Tek-Tips is the largest IT community on the Internet today!

Members share and learn making Tek-Tips Forums the best source of peer-reviewed technical information on the Internet!

  • Congratulations Westi on being selected by the Tek-Tips community for having the most helpful posts in the forums last week. Way to Go!

System dumps with AIX 4.3.3 ML10

Status
Not open for further replies.

MoshiachNow

IS-IT--Management
Feb 6, 2002
1,851
IL
Hi,

Since we have installed ML10 we experience frequent system dumps,which are related to our own designed PCI boards (with our own drivers).

However,all was stable with ML8.
I know that AIX PCI drivers were altered in ML10 - anybody has the same experience ? "Long live king Moshiach !"
h
 
HI,

What we see is some problem with PLX chip on our board that controls the pci BUS.

tHE CHIP IS A STANDARD one,and our drivers do not deal with PCI interface at all.
ALl the problems have started only after loading ML10. "Long live king Moshiach !"
h
 
Hi,

We have two systems in hacmp that are more 'unstable' since last upgrade (to ML10 but from a more unknown level).
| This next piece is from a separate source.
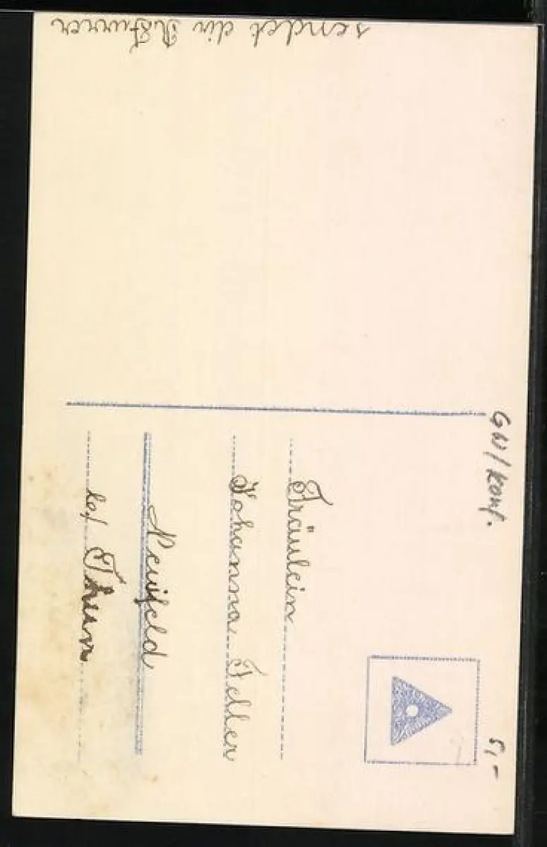 Personenbezogene Daten auf der Rückseite der Karte wurden durch blauen Textmarker unkenntlich gemacht. Die blauen Stellen sind auf die Vorderseite durchgeweicht und wirken sich negativ auf das Postkartenfoto aus

But the dumps are never the same and they occur on two servers.
I am not enough familiar with dump analysis, but are all your dumps similars. btw, if you know good doc for dump analysis - different from the redbooks - i accept it !

Thanks
 
Gileb,

Please find below the way I'm personally using for a fast and efficient analysis for the system dump cause.
I would appreciate if you will use the below to analyze your system dumps and post the results here:
================================
1.1 Analyzing system dump
If the customer complains that his system had frozen with 888 on the display, check errpt for the entry like this:
C0AA5338 0614145601 U S SYSDUMP SYSTEM DUMP

This means that the system dump have occurred on 14 of June at 14:56.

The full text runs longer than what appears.